At
last it is done. A Memory of Light is read and the Wheel of Time series is completed. Delayed so long by the time it
takes to write and edit and publish books, then the reading interrupted by
normal life intrusions, the epic fantasy finally ended for me this morning.
And
so it is with A Memory of Light. Physically too large to hold easily and
read in bed, this Final Battle sometimes dragged me forward, sometimes hurled
me forward, and sometimes beat me down with such sorrow that I didn’t think I
could continue. But like the characters Robert Jordan raised and Brandon
Sanderson carried on, I had to see it through to the end. Whatever end that
might be.
My
journey through the Third Age began early in 2008, shortly after the
announcement that Brandon Sanderson would finish Robert Jordan’s work.
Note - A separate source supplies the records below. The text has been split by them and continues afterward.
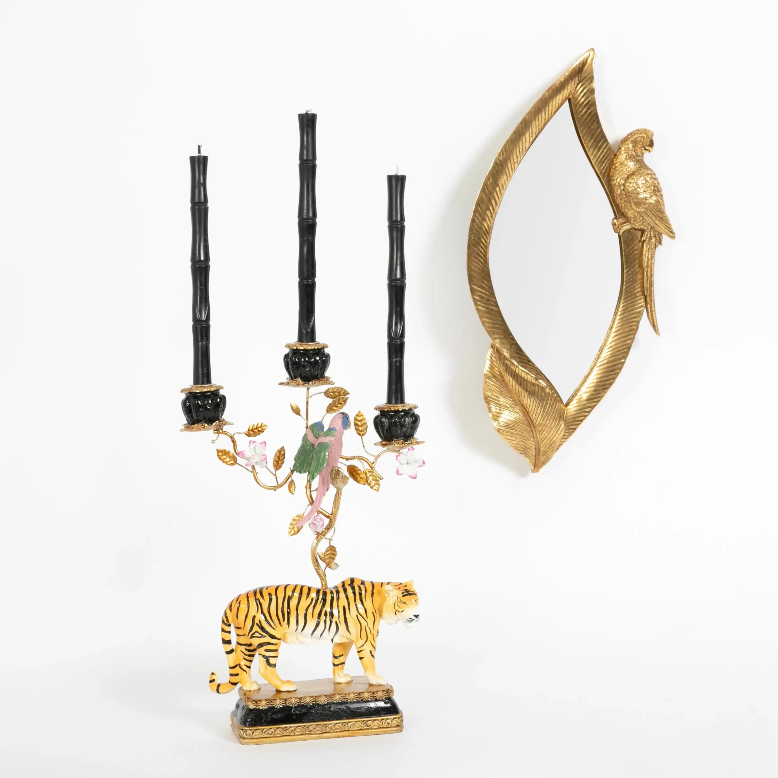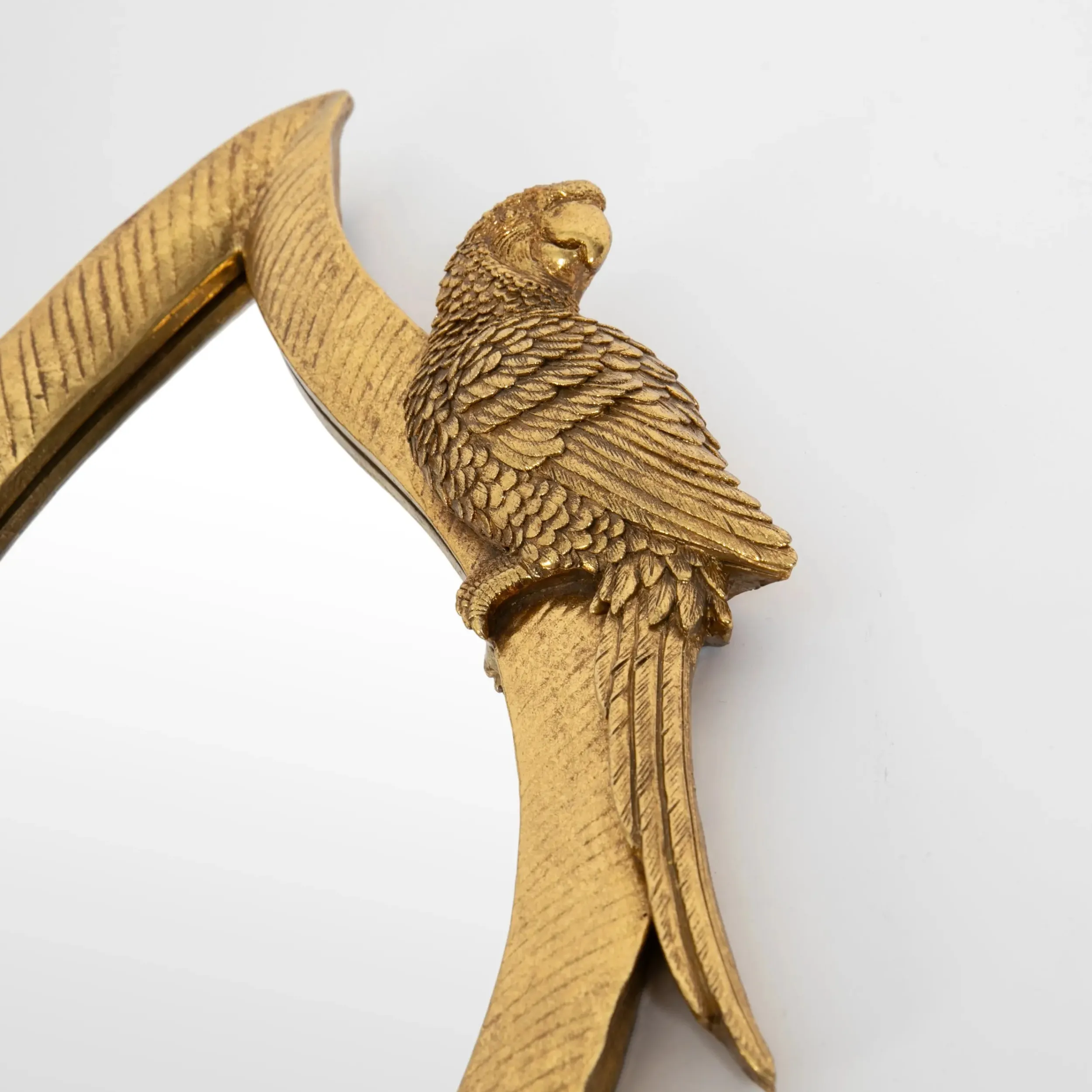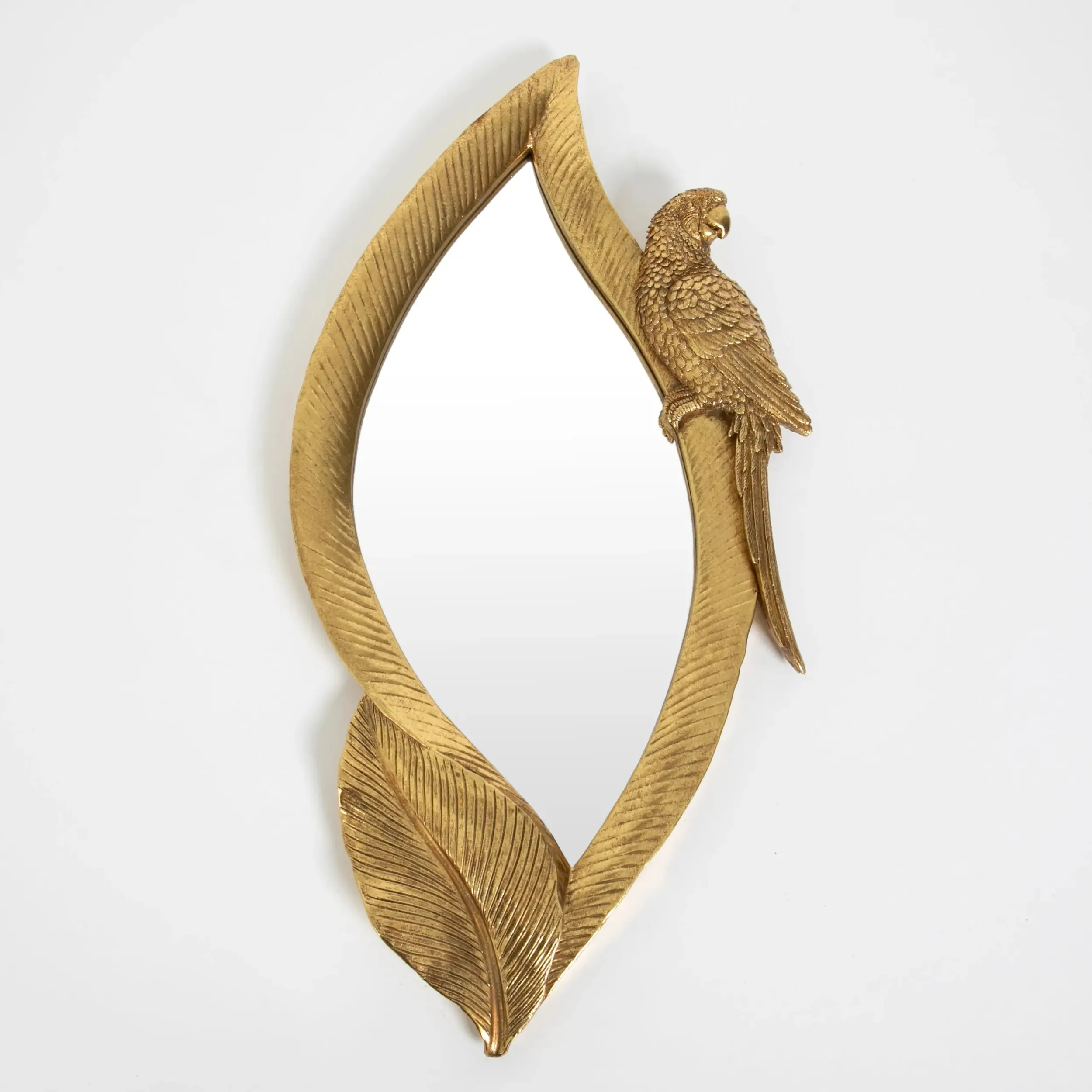 Update your Wall Mirror selection with this striking, teardrop shaped mirror encased in an opulent, textural golden frame featuring tropical bird and palm design. Crafted from resin, this piece is lightweight, durable and easy to clean.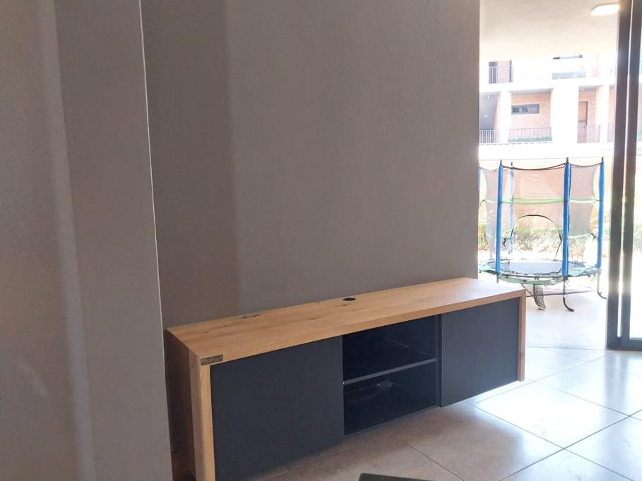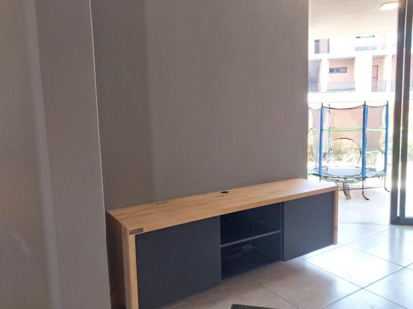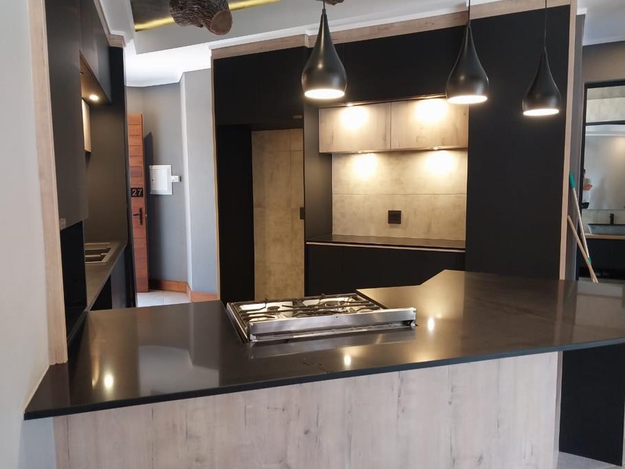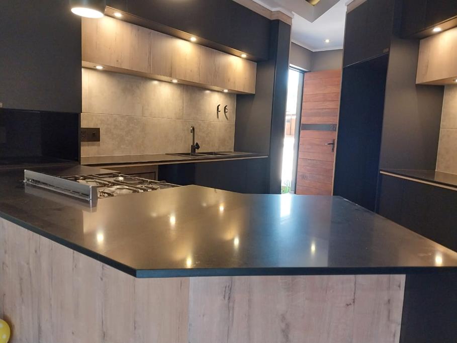 Muranti door finishes with aluminium frames, the cupboards have touch and press mechanisms, with PG Bisons matt black cupboard finishes combined with PG Brookhill finishes. The lounge and all rooms boasts hardekool top light fittings giving it an elegant African feel to the lifestyle unit.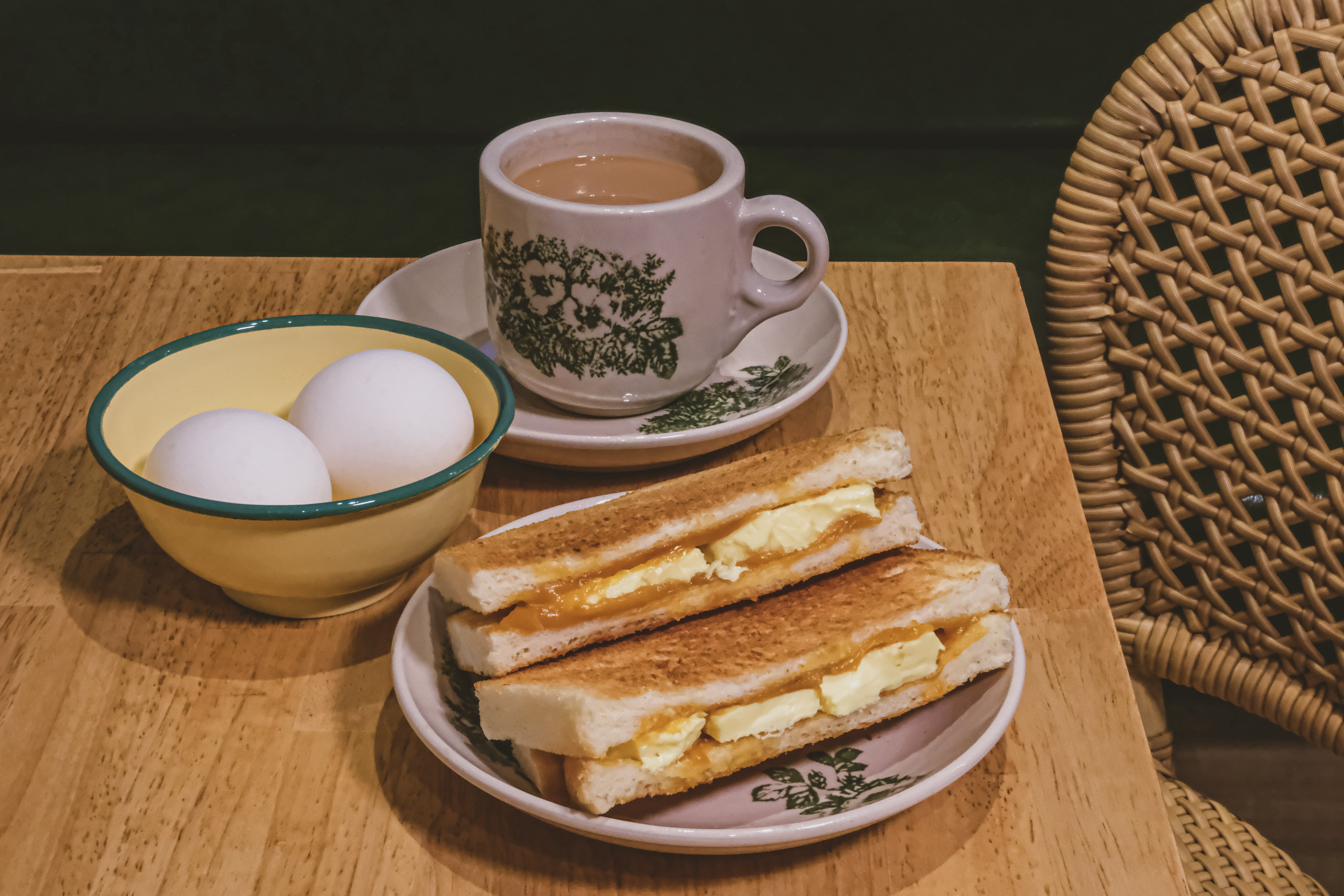 こんがり焼いたトーストにカヤジャムをたっぷりと塗り、スライスバターを挟んだカヤトーストとコーヒーは現地朝食の定番です 。マレーシアの朝食文化を体験したいならおすすめです!

As a fan
of J.R.R. Tolkien, I had been forever after The Trilogy of the Rings,
dissatisfied by fantasy fiction in general. I had never liked series. Most had
characters about whom I did not care past the first book. And the stories got
watered-down and I, quite frankly, did not care how they ended.
The
characters in the Wheel of Time
series are so well-wrought that they lived in my imagination parallel to the
real people in my real world. I cared what happened to them. I needed as much
as wanted to know what happened to them.
And
the story. The story is truly epic. Written on this page, the word epic is so
small, but it feels too big to be contained by this world. I’m sure the story
of my real world, if there might be such a story, is also epic. But it does not
present itself to me in a coherent beginning, middle, and end style that I can
follow. The characters in my real world are so little known to me, even those
closest to me, that I do not get to see more than snapshots and shadows of
their thoughts and feelings, their anticipations and experiences. There may be
a Pattern to my real life just as there is in the Wheel of Time, but I can’t see it. Here is the advantage of fantasy
done well. I can’t see these things in my life but I can in the lives of the
characters in these books.
Five
years and fourteen books later, The Wheel
of Time has turned as it willed and, I am satisfied.